TASK DIRECTIONS:
Repeat the entries below exactly. Drop the pictures.

Records from a data collection:
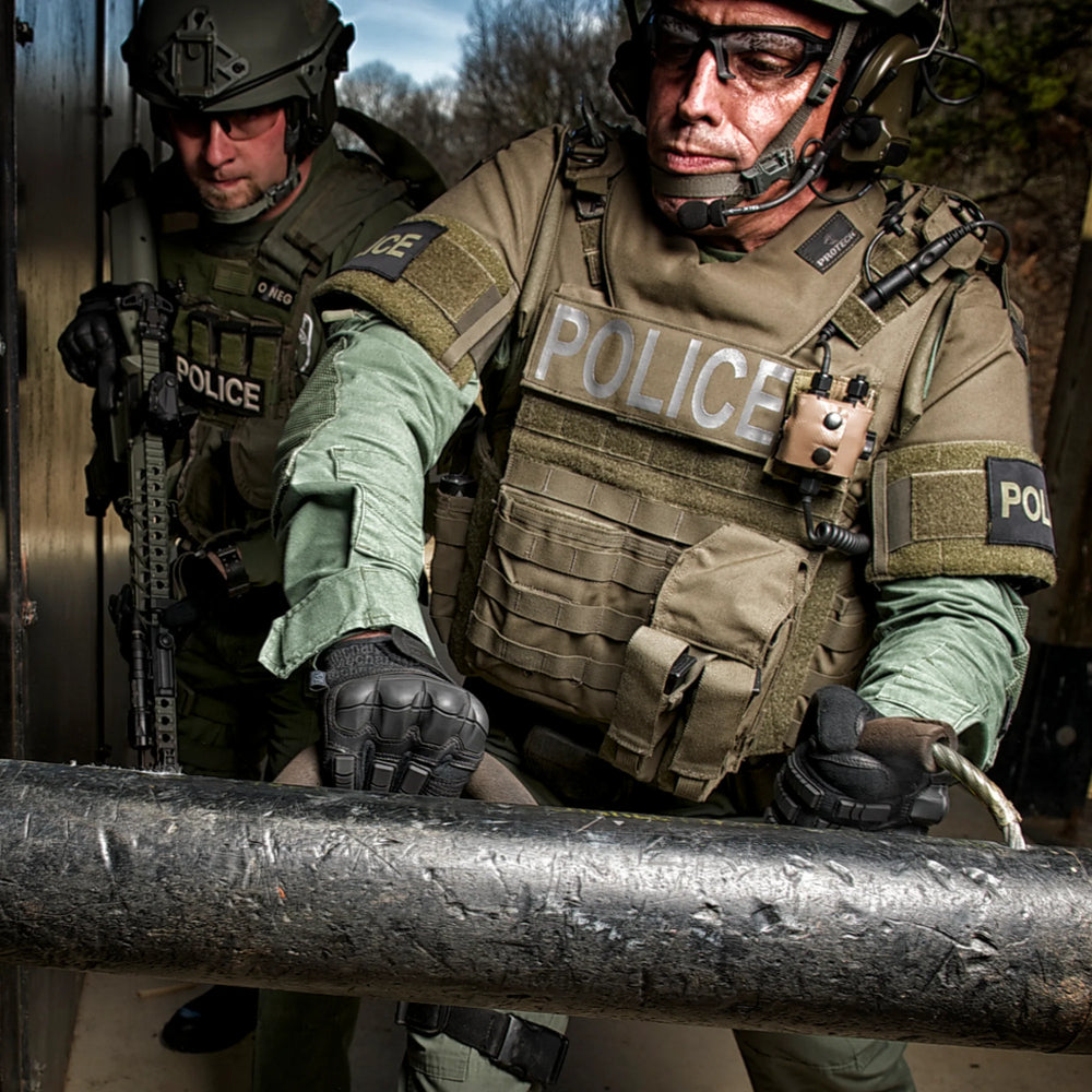 The Breacher is a flame-resistant tactical glove designed to protect the hands of military and SWAT team members during forcible entry and high-risk operations. A one-piece knuckle guard molded with dense Thermoplastic Rubber protects the back of your hand and D3O® palm padding absorbs impact to reduce hand fatigue. Mil-spec FR Nomex® and FR goatskin leather shield your hands against heat and flame exposure in the field.
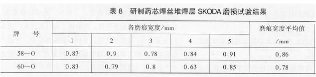 (2)SKODA磨损试验SKODA磨损试验技术参数:试验载荷15kg;转速600r/min;转数3000.研制药芯焊丝堆焊层的耐磨性是通过将在显微镜下测得标准硬质合金轮在试样表面进行定点滚动摩擦产生的磨痕宽度换算成磨损体积来衡量的。 试验表明,在较高应力状态下,研制药芯焊丝堆焊层同样表现出良好的耐磨粒磨损性能,试验结果见表8。
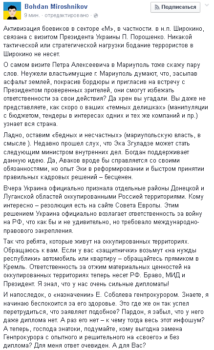 "Це означає, що ті порушення прав людини, які відбуваються на окупованих територіях, чиняться Російськими військами, російськими терористами, порушення прав людини", - сказав він.
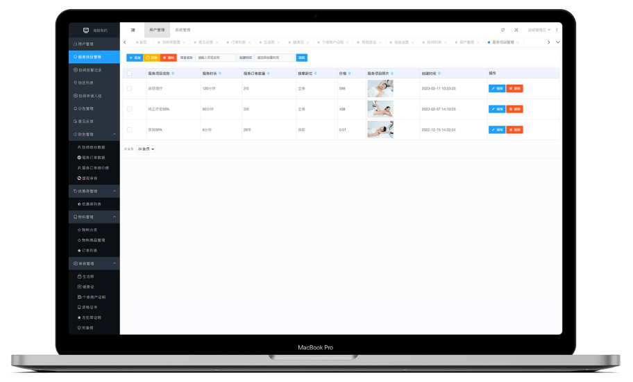技师、消费者、财务、订单信息,都能一键归结整理,多维度数据分析管理,让商家清楚看到自己的经营状况,更好的进行下一阶段的经营安排。
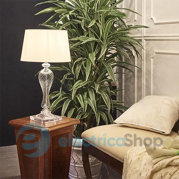 Настільна лампа Ideal Lux FORCOLA TL1 142593 матиме чудовий вигляд як у сучасних, так і в класичних інтер'єрах. Арматура з металу кольору хром, основа з дутого прозорого скла ручної роботи. Абажур з ПВХ, покритий тканиною, створює м'яке та затишне світло, яке підійде як для відпочинку, так і для роботи.
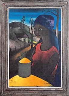 This painting was made using oil paints on masonite, or hardboard. Gourgue was never formally trained, but managed to master many academic painting techniques while staying true to his style. The visuals in Woman with Light, like in most of his paintings, provide a surrealist view of his country and his life. In the book La Peinture Haitienne, his work is described as haunting and as reflecting “an anguished man’s sense of the tragic.” The deep shadows and the woman’s still expression against the golden light contribute to this haunting, surreal mood.
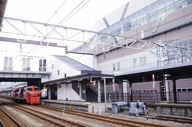念願の姫川鉄橋で撮影をして糸魚川駅へ。他に撮影者は数名、広々とした構内にポツンとラッセルのみ。単行のキハが直江津に向かって発車して行くと構内はさらにガランとした。 |
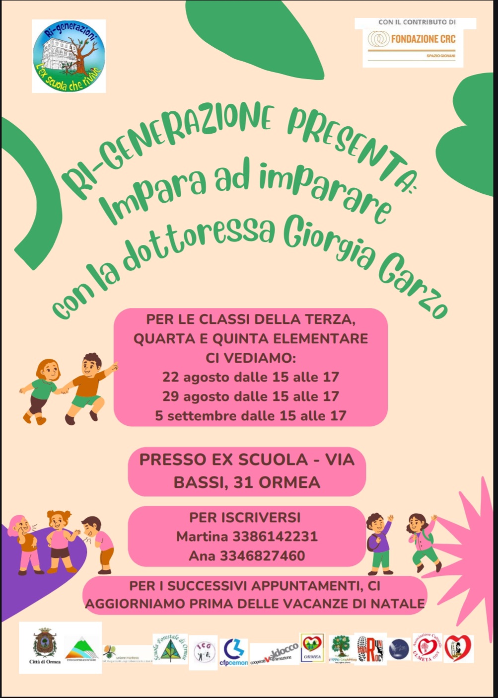 Nell’ambito del progetto RI-GENERAZIONE, con il contributo della Fondazione CRC, siamo felici di proporre un ciclo di incontri educativi rivolti agli alunni e alle alunne delle classi terza, quarta e quinta della scuola primaria.
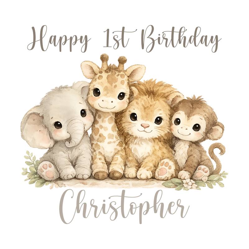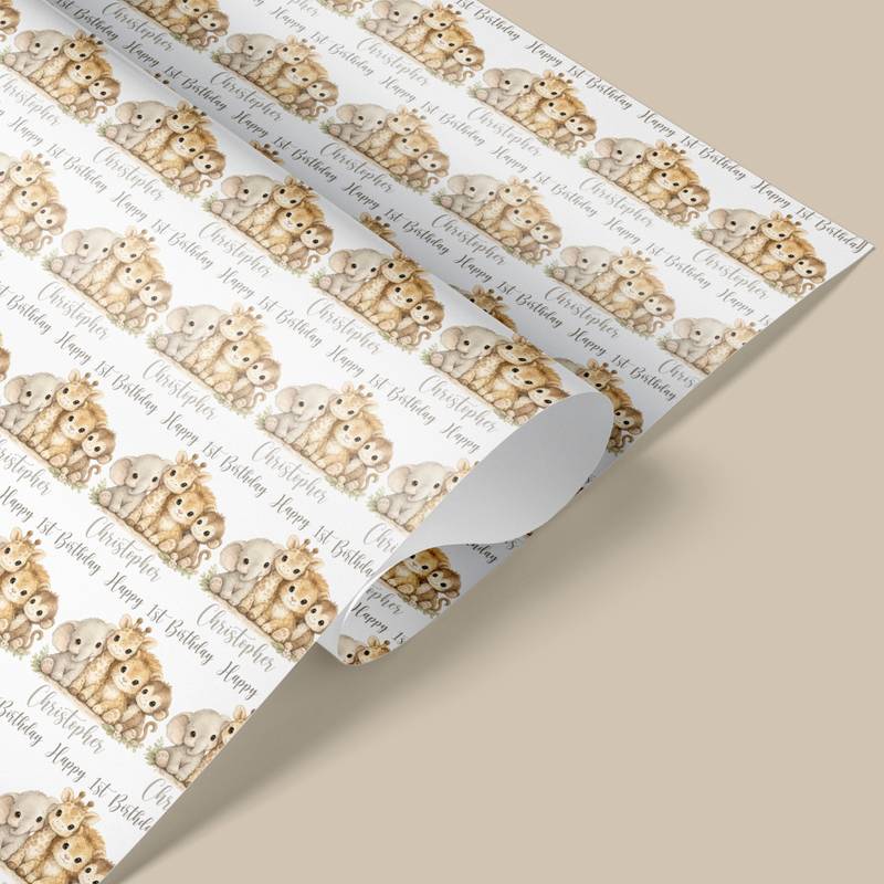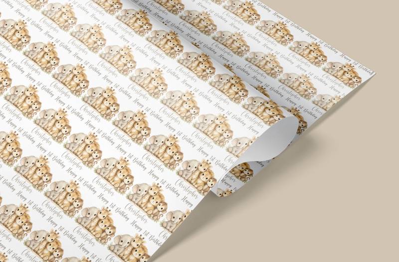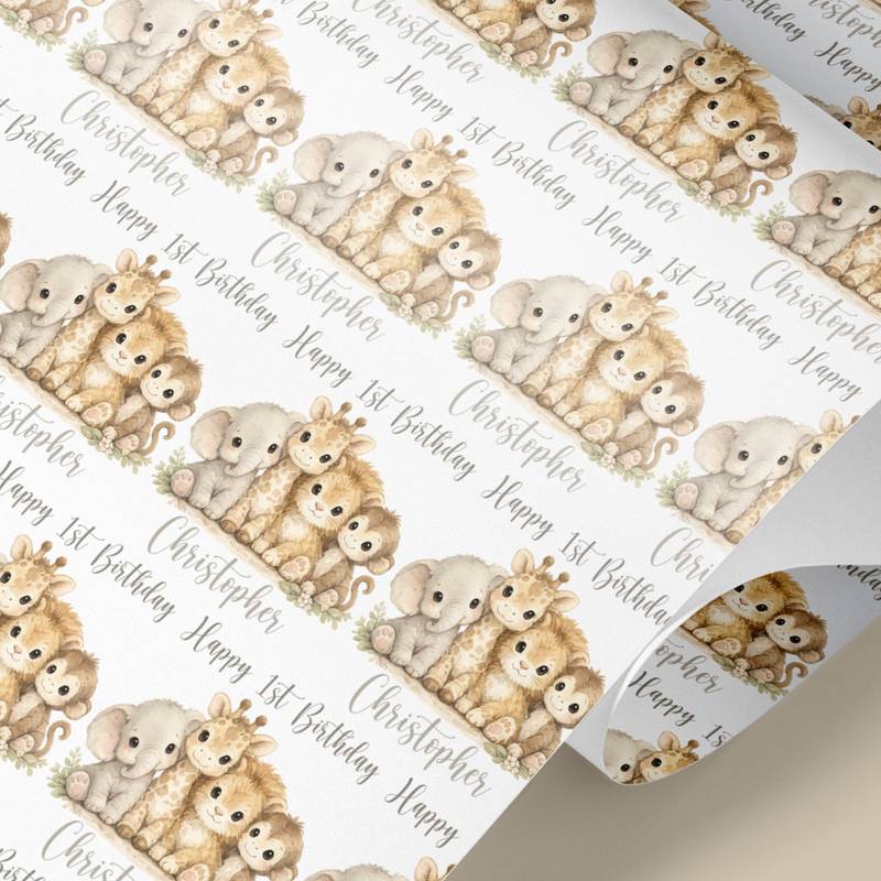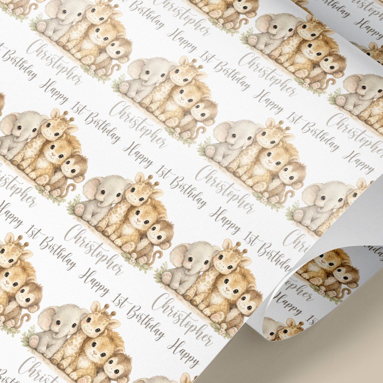 Personalised baby safari wrapping paper featuring elephant, giraffe, lion & monkey. Perfect for newborns & 1st birthdays. Eco-friendly, rolled not folded, Royal Mail tracked delivery.
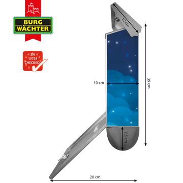 Der BURG-WÄCHTER Edelstahl Briefkasten mit Motiv Sternenhimmel 2 und Zeitungsrolle bietet Ihnen mit seinem Fassungsvermögen genügend Platz auch für große A4 Sendungen und Zeitschriften. Das integrierte Regendach schützt Ihre Post vor dem Eindringen von Regen.
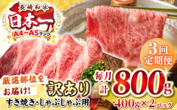 【全3回定期便】【訳あり】【A4~A5ランク】長崎和牛 しゃぶしゃぶ・すき焼き用 800g(400g×2パック)(肩ロース肉・バラ肉・モモ肉)《壱岐市》【株式会社MEAT PLUS】 肉 牛肉 訳あり しゃぶしゃぶ用 すき焼用 A5 [JGH060]
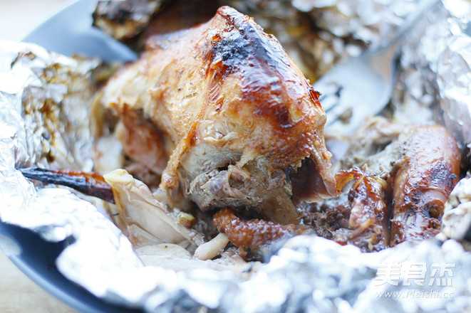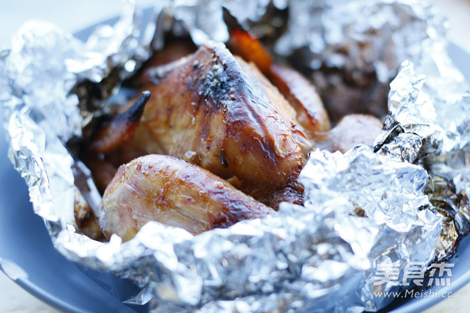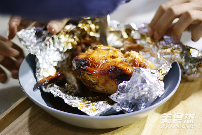9.1小时后取出童子鸡,小心打开锡纸。
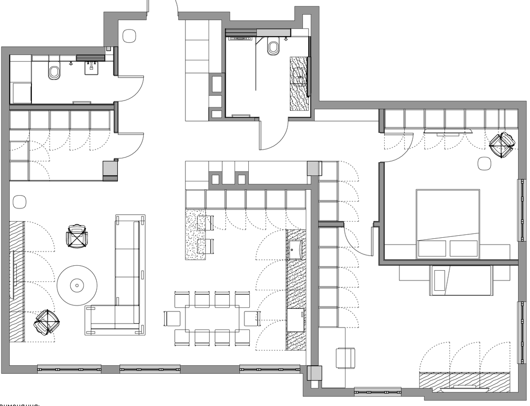 Квартира планировочно состоит из двух зон: «общественной» и приватной. К общественной, в которую попадаем при входе в квартиру, относятся прихожая, гостевой санузел, прозрачная стеклянная гардеробная и просторная кухня-гостиная.
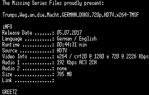 | FiLENAME: | Trumps.Weg.an.die.Macht.GERMAN.DOKU.720p.HDTV.x264-TMSF.mkv |
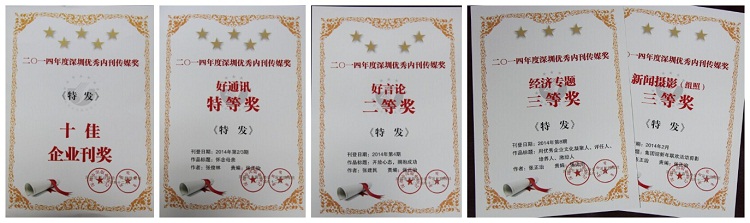 12月15日,在2014年度深圳內(nèi)刊界學(xué)習(xí)交流暨優(yōu)秀內(nèi)刊傳媒獎頒獎大會上,《特發(fā)》月刊和《華僑城》、《寶安風(fēng)》、《華安保險》、《京基》、《鴻橋》、《深業(yè)》、《城筑》、《勁嘉》、《雅昌》,被市出版業(yè)協(xié)會、深圳晚報社授予深圳市“十佳”企業(yè)刊稱號,這是《特發(fā)》月刊連續(xù)六年獲“深圳優(yōu)秀內(nèi)刊傳媒獎”最高榮譽(yù)。同時,集團(tuán)張俊林董事長的《懷念母親》獲“好通訊”特等獎;張建民總經(jīng)理的《開放心態(tài),擁抱成功》獲“好言論”二等獎;張正治的《用優(yōu)秀企業(yè)文化凝聚人、評任人、培養(yǎng)人、激勵人》獲“經(jīng)濟(jì)論壇”三等獎,《集團(tuán)迎新年聯(lián)歡活動剪影》獲“新聞攝影(組照)”三等獎。
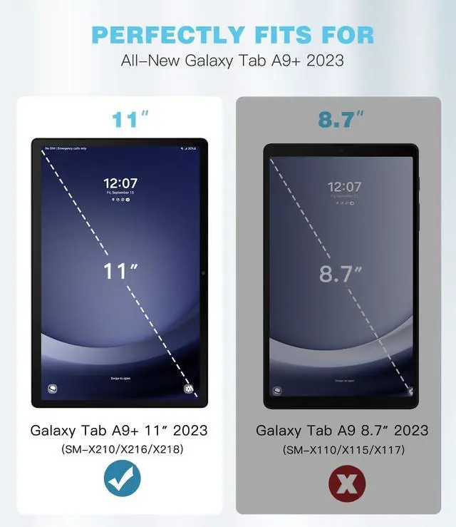 Wake/Sleep: Magnetic cover provides auto sleep/wake feature. Save much power for your tablet so that reduce charging frequency. The external elastic band keeps the Galaxy Tab A9+ Case closed and provides better protection for the tabletPrecise
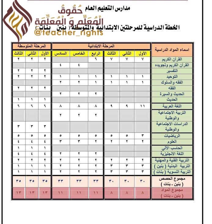 لطيفة الدليهان On Twitter خطة المواد الدراسية للمرحلة المتوسطة
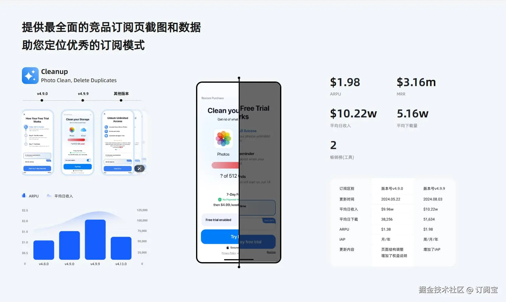 - 订阅宝:深度了解竞争对手的订阅价格、历史趋势和付费用户分布,帮助你找到定位差异化的最佳方式。
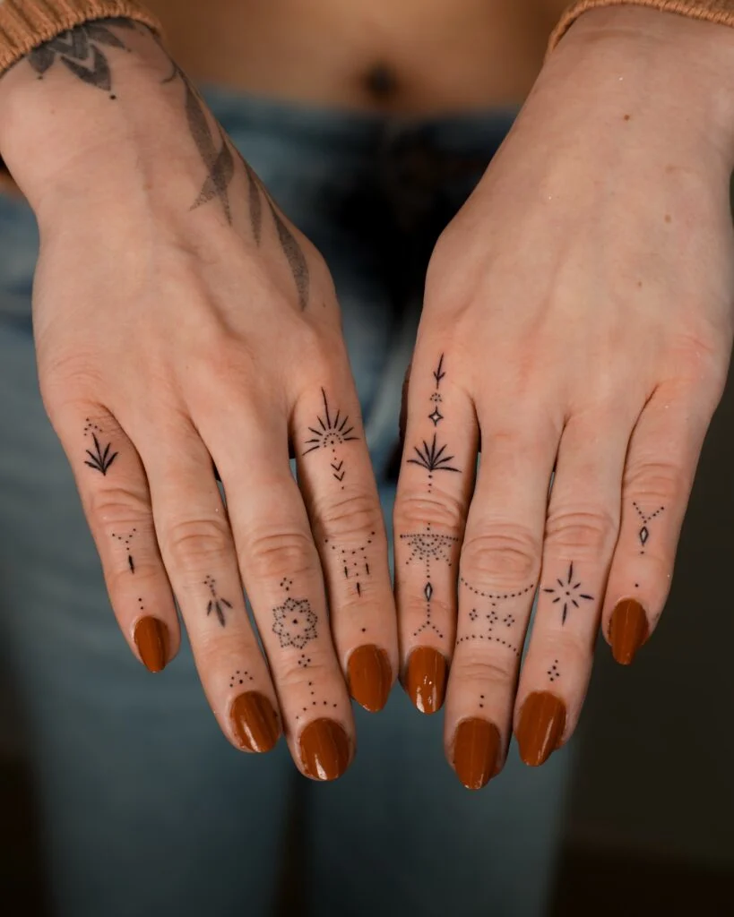 This beautiful set of tiny finger tattoos is full of boho charm and subtle symbolism. Delicate dotwork, fine lines, and minimalist shapes come together to create a design that feels like personal jewelry. Tiny sunbursts, stars, and ornamental elements trail across knuckles and fingers, capturing a sense of lightness and wonder.
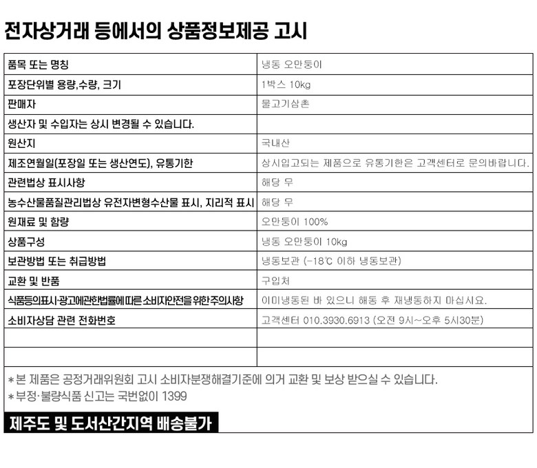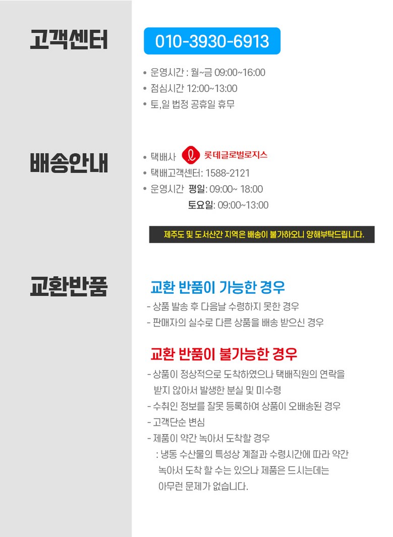 | 배송방법 | 신선/냉장/냉동 | 배송비 | 무료배송 - 도서산간 지역 배송불가 |

RESPONSE TO THE TASK:
 The Breacher is a flame-resistant tactical glove designed to protect the hands of military and SWAT team members during forcible entry and high-risk operations. A one-piece knuckle guard molded with dense Thermoplastic Rubber protects the back of your hand and D3O® palm padding absorbs impact to reduce hand fatigue. Mil-spec FR Nomex® and FR goatskin leather shield your hands against heat and flame exposure in the field.
 (2)SKODA磨损试验SKODA磨损试验技术参数:试验载荷15kg;转速600r/min;转数3000.研制药芯焊丝堆焊层的耐磨性是通过将在显微镜下测得标准硬质合金轮在试样表面进行定点滚动摩擦产生的磨痕宽度换算成磨损体积来衡量的。 试验表明,在较高应力状态下,研制药芯焊丝堆焊层同样表现出良好的耐磨粒磨损性能,试验结果见表8。
 "Це означає, що ті порушення прав людини, які відбуваються на окупованих територіях, чиняться Російськими військами, російськими терористами, порушення прав людини", - сказав він.
技师、消费者、财务、订单信息,都能一键归结整理,多维度数据分析管理,让商家清楚看到自己的经营状况,更好的进行下一阶段的经营安排。
 Настільна лампа Ideal Lux FORCOLA TL1 142593 матиме чудовий вигляд як у сучасних, так і в класичних інтер'єрах. Арматура з металу кольору хром, основа з дутого прозорого скла ручної роботи. Абажур з ПВХ, покритий тканиною, створює м'яке та затишне світло, яке підійде як для відпочинку, так і для роботи.
 This painting was made using oil paints on masonite, or hardboard. Gourgue was never formally trained, but managed to master many academic painting techniques while staying true to his style. The visuals in Woman with Light, like in most of his paintings, provide a surrealist view of his country and his life. In the book La Peinture Haitienne, his work is described as haunting and as reflecting “an anguished man’s sense of the tragic.” The deep shadows and the woman’s still expression against the golden light contribute to this haunting, surreal mood.
念願の姫川鉄橋で撮影をして糸魚川駅へ。他に撮影者は数名、広々とした構内にポツンとラッセルのみ。単行のキハが直江津に向かって発車して行くと構内はさらにガランとした。 |
 Nell’ambito del progetto RI-GENERAZIONE, con il contributo della Fondazione CRC, siamo felici di proporre un ciclo di incontri educativi rivolti agli alunni e alle alunne delle classi terza, quarta e quinta della scuola primaria.
 Personalised baby safari wrapping paper featuring elephant, giraffe, lion & monkey. Perfect for newborns & 1st birthdays. Eco-friendly, rolled not folded, Royal Mail tracked delivery.
 Der BURG-WÄCHTER Edelstahl Briefkasten mit Motiv Sternenhimmel 2 und Zeitungsrolle bietet Ihnen mit seinem Fassungsvermögen genügend Platz auch für große A4 Sendungen und Zeitschriften. Das integrierte Regendach schützt Ihre Post vor dem Eindringen von Regen.
 【全3回定期便】【訳あり】【A4~A5ランク】長崎和牛 しゃぶしゃぶ・すき焼き用 800g(400g×2パック)(肩ロース肉・バラ肉・モモ肉)《壱岐市》【株式会社MEAT PLUS】 肉 牛肉 訳あり しゃぶしゃぶ用 すき焼用 A5 [JGH060]
9.1小时后取出童子鸡,小心打开锡纸。
 Квартира планировочно состоит из двух зон: «общественной» и приватной. К общественной, в которую попадаем при входе в квартиру, относятся прихожая, гостевой санузел, прозрачная стеклянная гардеробная и просторная кухня-гостиная.
 | FiLENAME: | Trumps.Weg.an.die.Macht.GERMAN.DOKU.720p.HDTV.x264-TMSF.mkv |
 12月15日,在2014年度深圳內(nèi)刊界學(xué)習(xí)交流暨優(yōu)秀內(nèi)刊傳媒獎頒獎大會上,《特發(fā)》月刊和《華僑城》、《寶安風(fēng)》、《華安保險》、《京基》、《鴻橋》、《深業(yè)》、《城筑》、《勁嘉》、《雅昌》,被市出版業(yè)協(xié)會、深圳晚報社授予深圳市“十佳”企業(yè)刊稱號,這是《特發(fā)》月刊連續(xù)六年獲“深圳優(yōu)秀內(nèi)刊傳媒獎”最高榮譽(yù)。同時,集團(tuán)張俊林董事長的《懷念母親》獲“好通訊”特等獎;張建民總經(jīng)理的《開放心態(tài),擁抱成功》獲“好言論”二等獎;張正治的《用優(yōu)秀企業(yè)文化凝聚人、評任人、培養(yǎng)人、激勵人》獲“經(jīng)濟(jì)論壇”三等獎,《集團(tuán)迎新年聯(lián)歡活動剪影》獲“新聞攝影(組照)”三等獎。
 Wake/Sleep: Magnetic cover provides auto sleep/wake feature. Save much power for your tablet so that reduce charging frequency. The external elastic band keeps the Galaxy Tab A9+ Case closed and provides better protection for the tabletPrecise
 لطيفة الدليهان On Twitter خطة المواد الدراسية للمرحلة المتوسطة
 - 订阅宝:深度了解竞争对手的订阅价格、历史趋势和付费用户分布,帮助你找到定位差异化的最佳方式。
 This beautiful set of tiny finger tattoos is full of boho charm and subtle symbolism. Delicate dotwork, fine lines, and minimalist shapes come together to create a design that feels like personal jewelry. Tiny sunbursts, stars, and ornamental elements trail across knuckles and fingers, capturing a sense of lightness and wonder.
 | 배송방법 | 신선/냉장/냉동 | 배송비 | 무료배송 - 도서산간 지역 배송불가 |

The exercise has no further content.